Ataxia-telangiectasia gene (ATM) mutation heterozygosity in breast cancer: a narrative review.
Despite the fact that heterozygosity for a pathogenic ATM variant is present in 1%-2% of the adult population, clinical guidelines to inform physicians and genetic counsellors about optimal management in that population are lacking.
In this narrative review, we describe the challenges and controversies in the management of women who are heterozygous for a pathogenic ATM variant with respect to screening for breast and other malignancies, to choices for systemic therapy, and to decisions about radiation therapy.

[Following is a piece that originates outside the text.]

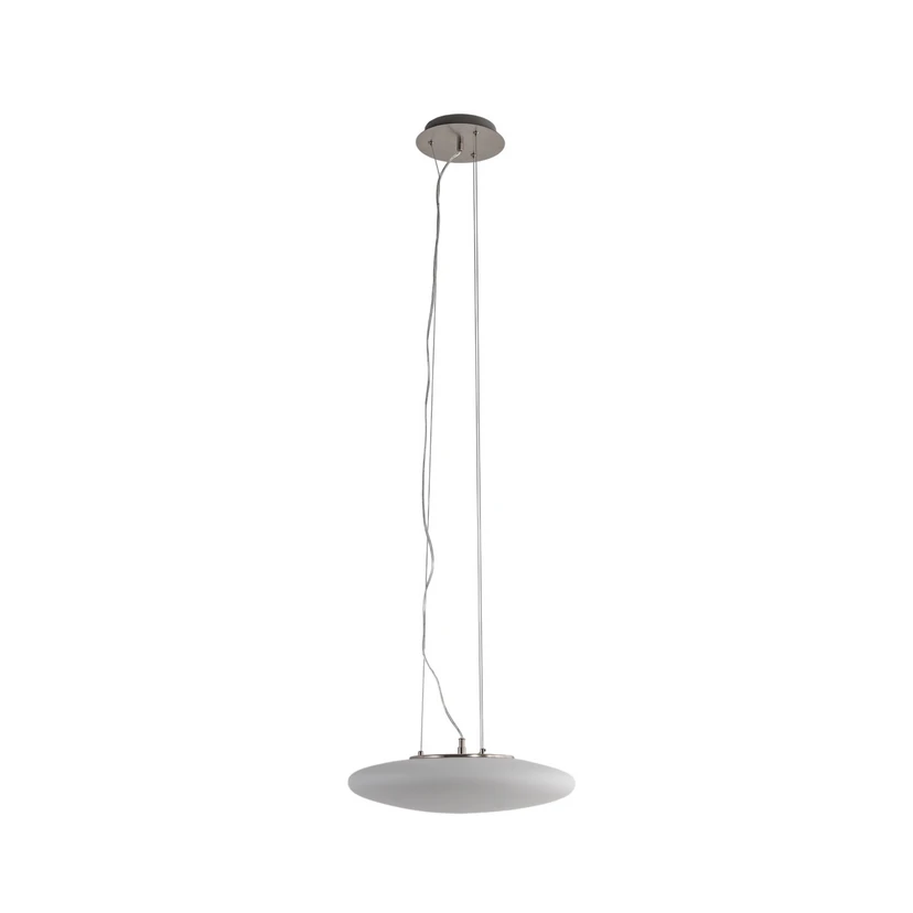 Gunda LED Suspension Opale/Nickel embellit l'intérieur avec son design élégant tout en enrichissant la maison avec son éclairage pratique et son design fonctionnel avec des options de personnalisation de la lumière pour répondre à tous les besoins. La Lampe présente un design moderne et simple composé d'un cadre métallique avec une belle finition nickel et d'un abat-jour en verre opale blanc pour un éclairage doux et sans éblouissement. À l'intérieur de l'Abat-jour se trouve une source lumineuse LED intégrée qui convertit efficacement l'électricité en de grandes quantités de lumière. L'ensemble de l'Abat-jour s'allume lorsque la lampe est Interrupteur, offrant ainsi un éclairage polyvalent pratique dans la pièce.

Given that the lifetime risk for breast cancer in women who are heterozygous for a pathogenic ATM variant is likely greater than 25%, those women should undergo annual mammographic screening starting at least by 40 years of age. For women in this group who have a strong family history of breast cancer, earlier screening with both magnetic resonance imaging and mammography should be considered. High-quality data to inform the management of established breast cancer in carriers of pathogenic ATM variants are lacking. Although deficiency in the ATM gene product might confer sensitivity to dna-damaging pharmaceuticals such as inhibitors of poly (adp-ribose) polymerase or platinum agents, prospective clinical trials have not been conducted in the relevant patient population. Furthermore, the evidence with respect to radiation therapy is mixed; some data suggest increased toxicity, and other data suggest improved clinical benefit from radiation in women who are carriers of a pathogenic ATM variant.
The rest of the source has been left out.